Он сначала организовал себе самку, а уж потом самка застолбила место и свила гнездо. А он – в стороне. Он не виноват, что страна оценила его в сто двадцать рублей. Поставила в такие условия. Не пойдет же он воровать…
Канувший в Лету Хрущев – совсем другое дело. Хозяин жизни, как медведь в лесу. Вот бы такого мужа – горя бы не знала. Никаких проблем. Но… непорядочный. Сукин сын. Бабник.
Изменяет своей жене налево и направо. А не верить мужу – все равно что спать на грязном белье. На засранных простынях. Нет, нет и еще раз нет…
Ее красивый и порядочный Мика сидит в купленной ею квартире на купленном ею кресле и читает газету, выписанную за ее счет.
Приходит подруга Людка и рассказывает, что ее муж, жадный до судорог, боится достать бумажник, как будто у него в кармане живет скорпион.
Мика тоже не достает из кармана деньги. Но он не жадный, а бедный. Это гораздо лучше.
Приходит подруга Лариска, дочь большого человека, и рассказывает, что ее муж ничего не зарабатывает. Ленится. Приходится брать деньги у отца, большого человека.
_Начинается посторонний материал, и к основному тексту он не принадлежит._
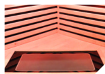
Painel de chão de carbono
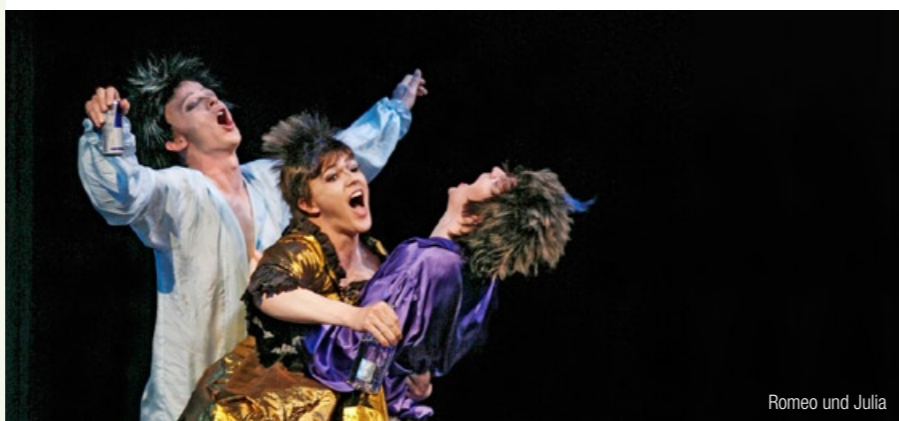
Romeo und Julia

sticht Tony auch Bernardo nieder. Er muss nun untertauchen. Durch eine Verkettung unglücklicher Umstände erfährt Tony fälschlicherweise, Maria sei gestorben. Tony läuft auf die Straße und fordert Chino (den Mann, mit dem Maria als Kind verlobt wurde) dazu auf, ihn zu erschießen, da sein Leben nun keinen Sinn mehr hätte. In diesem Moment sieht er Maria, die auf dem Weg zu ihrem verabredeten Treffpunkt ist. Die Liebenden stürzen aufeinander zu, doch Chino schießt auf Tony, der in Marias Armen getroffen niedersinkt. Über Tonys Leiche schließen die beiden Banden Frieden. Anders als in Shakespeares Tragödie nimmt sich Maria nicht das Leben.
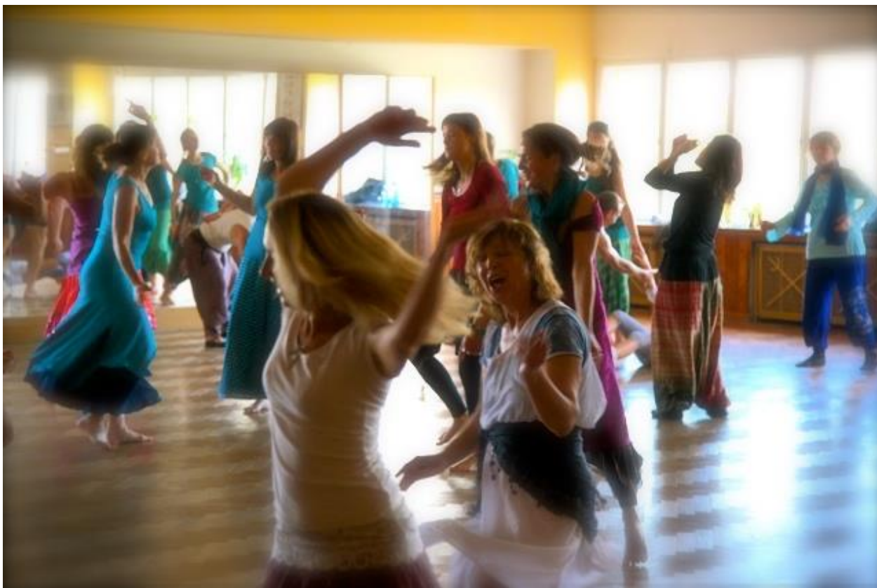
Obrázek 22 - Tanec 5 rytů

„Každá forma prožitkového tance je technikou, která tvoří spojení mezi meditací, uměním, terapií, šamanským léčením, čarodějným rituálem a duchovním impulsem. Prožitkový tanec má kořeny v původních tradicích ve smyslu ožívání a spojení s vlastní energií v tanci. Je to rituál tělesného, duševního i duchovního prožitku sebe sama. Je to taneční rituál oslavy života.“ 116
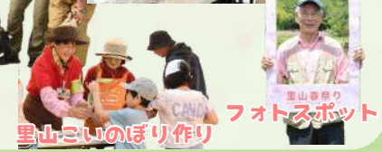
里山こいのぼり作り
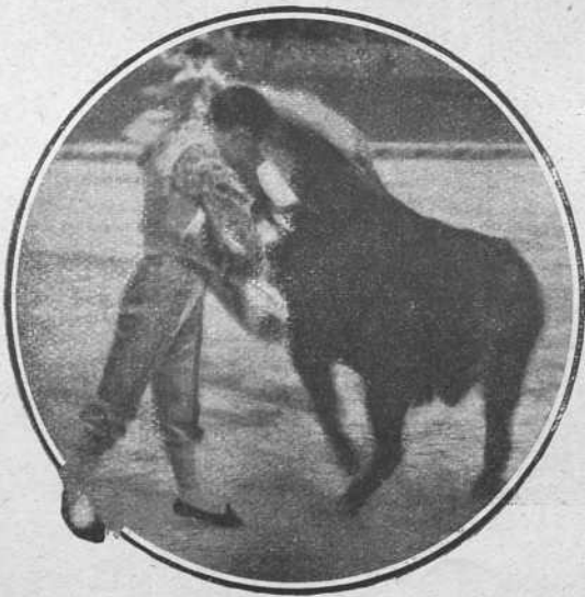
Dominguín en Valencia el 7 de Abril

Carnicerito fué ovacionado en su primero torea-
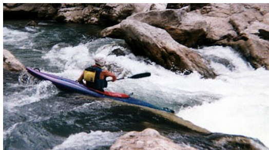
Van: Worstelen met de stroom van het leven

We kennen allemaal wel van die periodes in ons leven waarin de dingen niet zo lekker lopen. Soms zijn er kleine probleempjes, soms zelfs hele grote. Misschien voel je een onvrede in jezelf of voel jij je ontevreden omdat het niet goed gaat met je relatie, in je gezin of op je werk, of misschien lukt het je niet om een verlies te verwerken. Ook kun je verwikkeld zijn geraakt in een conflict dat maar niet tot een oplossing komt of zelfs verder dreigt te escaleren. Misschien zoek je een gids op jouw spirituele pad of loop je met de vraag rond "Wil ik dit allemaal nog wel zo?" of vraag jij je samen met Peggy Lee af:
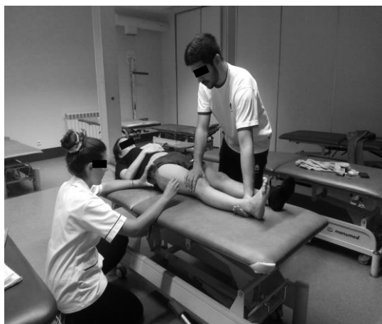
Figura 4 Posicionamento do goniómetro universal

marquesa e o braço móvel paralelo à linha entre o grande trocânter e o maléolo lateral do perónio (Figura 3), enquanto outro examinador realizou o teste passivo do SLR, que consistiu na elevação do membro dominante mantendo o joelho em extensão, até ao participante referir uma primeira sensação de desconforto na região posterior da coxa ou quando se verificaram alterações na posição da pélvis ou resistência ao movimento. Este examinador, durante o
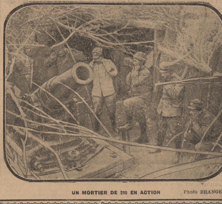
UN MORTIER DE 210 EN ACTION
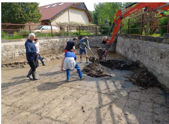
Čištění požární nádrže – 2023

Obec neleží v záplavovém území, nejsou zde žádné přírodní vodní plochy, ani přírodní vodoteče, ačkoliv některé lokality (K Pískovně, Dolní Vrátkov) byly opakovaně zatíženy lokální povodní způsobenou kombinací přívalového deště a nevhodně zvoleným osevním postupem na okolních polích (zejména výsevem slunečnice, kukuřice, řepky nebo obilí).

А это непорядок.
Приходит соседка Маруся и плачет, что ее муж отдает все деньги в прежнюю семью, из которой он ушел, а сам сидит на Марусиной шее и свесил ноги.
И постепенно складывается картина: мужья сидят на шее, свесив ноги, и при этом умудряются читать газету. А жены, как лошади, волокут воз жизни и в придачу мужей, сидящих на возу.
Мака и Мика… Когда они поженились, поехали в Крым. Медовый месяц. Оказались на пароходе. Куда-то плыли весь день и всю ночь. Утром пароход причалил к пристани.
Мика сбежал с трапа, легко и спортивно, и куда-то умчал, она уже не помнит – куда и зачем. Может быть, разузнать насчет жилья. Снять комнату.
Мака осталась одна с двумя тяжелыми чемоданами.
Постепенно все сошли. Надо было освобождать пароход. Не оставаться же на палубе…
Мака взяла два чемодана в руки, два тяжелых чемодана в две тонких девичьих руки, – и поволоклась. Эта картина явилась графическим изображением всей ее жизни. Вот так всю жизнь, изнемогая от тяжести. А он – налегке, спортивно потряхивая спиной.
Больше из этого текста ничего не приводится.